Mañana una de las dos selecciones nacionales que han llegado a la final de la Eurocopa, la de Italia o la de España, cosechará en Kiev un capital simbólico de triunfo. Un capital tentador para un líder político en cualquier circunstancia, pero mucho más para los que llevan demasiado tiempo exhibiéndose impotentes ante la crisis del euro y sus dramáticas consecuencias.
La adopción de metáforas deportivas por parte del discurso político es una moda acentuada durante los últimos años. En parte sobre el sustrato de esta moda podría asistirse mañana a la completa identificación entre la metáfora y lo metaforizado, confundiéndose una victoria deportiva con una correcta gestión de la política contra la crisis. Si la confusión se produjera, no sería una confirmación de que la máxima romana de pan y circo sigue funcionando.

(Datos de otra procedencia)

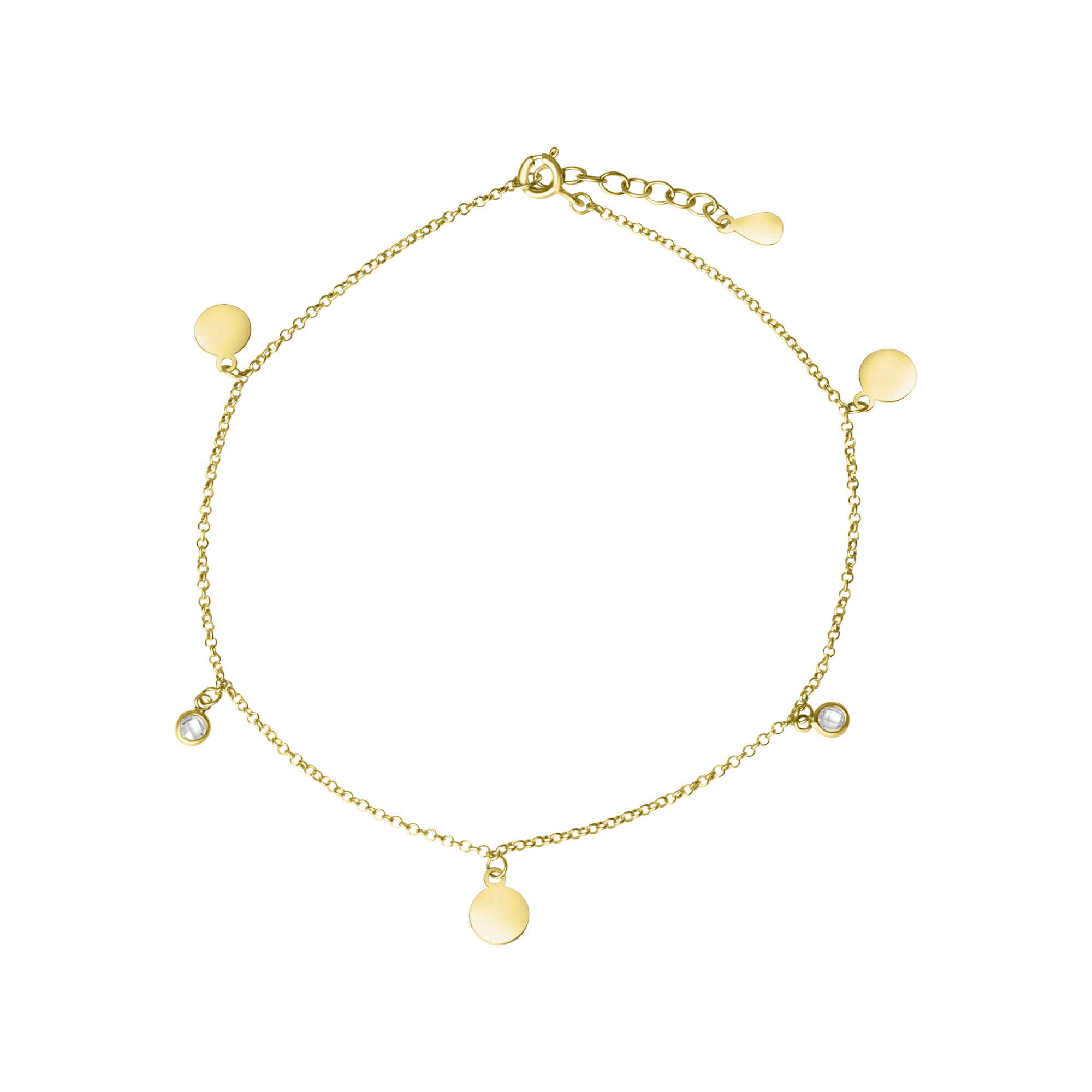 Bezauberndes Armband aus 925/- Sterling Silber vergoldet. Veredelt mit 3 Plättchen und 2 weißen Zirkonia. Erbskette 17+2cm lang. Angenehmer Tragecomfort. Perfekt für festliche Abende oder als geschmackvolles Geschenk für einen lieben Menschen. .

La identificación de la metáfora con lo metaforizado, la confusión de una victoria deportiva con una correcta gestión de la política contra la crisis respondería a una máxima distinta, elaborada desde la anterior y más apropiada para una época en la que los asesores de imagen son quienes tienen mayor ascendiente sobre el emperador. La máxima nueva sería, “a falta de resolver el problema del pan, fotografiémonos con los atletas que venzan en el estadio”. Al fin y al cabo, Yulia Timoshenko también podría, si quisiera, seguir el partido desde la cárcel y la Unión Europea avanzar en su política exterior común.

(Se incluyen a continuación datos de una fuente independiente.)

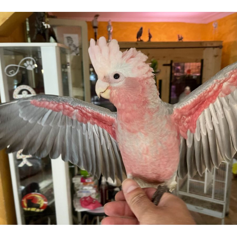 Notre ferme d'élevage propose uniquement des cacatoès rosalbins EAM (élevés à la main), sexés par ADN, avec certificats légaux (CITES) et contrôle vétérinaire avant expédition.

Bien es verdad que no será una política exterior inspirada por principios demasiado grandes, sino por las posibilidades de imagen que ofrece un deporte de masas. Pero la Unión Europea siempre se ha construido poco a poco, y tal vez partiendo de la instrumentalización política de unos resultados de fútbol llegue algún día a ser intransigente en materia de garantías procesales y hasta de derechos humanos. Como cuenta Ignasi Nieto, lo que más sorprendía a un abuelo suyo, funcionario represaliado del Ministerio de Obras Públicas al terminar la Guerra Civil, era que, por instrucciones de la superioridad, el racionamiento de combustible no se aplicase a los camiones o autobuses que transportaban a los equipos de fútbol o a sus hinchadas. La máxima, el programa político se reducía a que hubiera circo aunque no hubiese pan.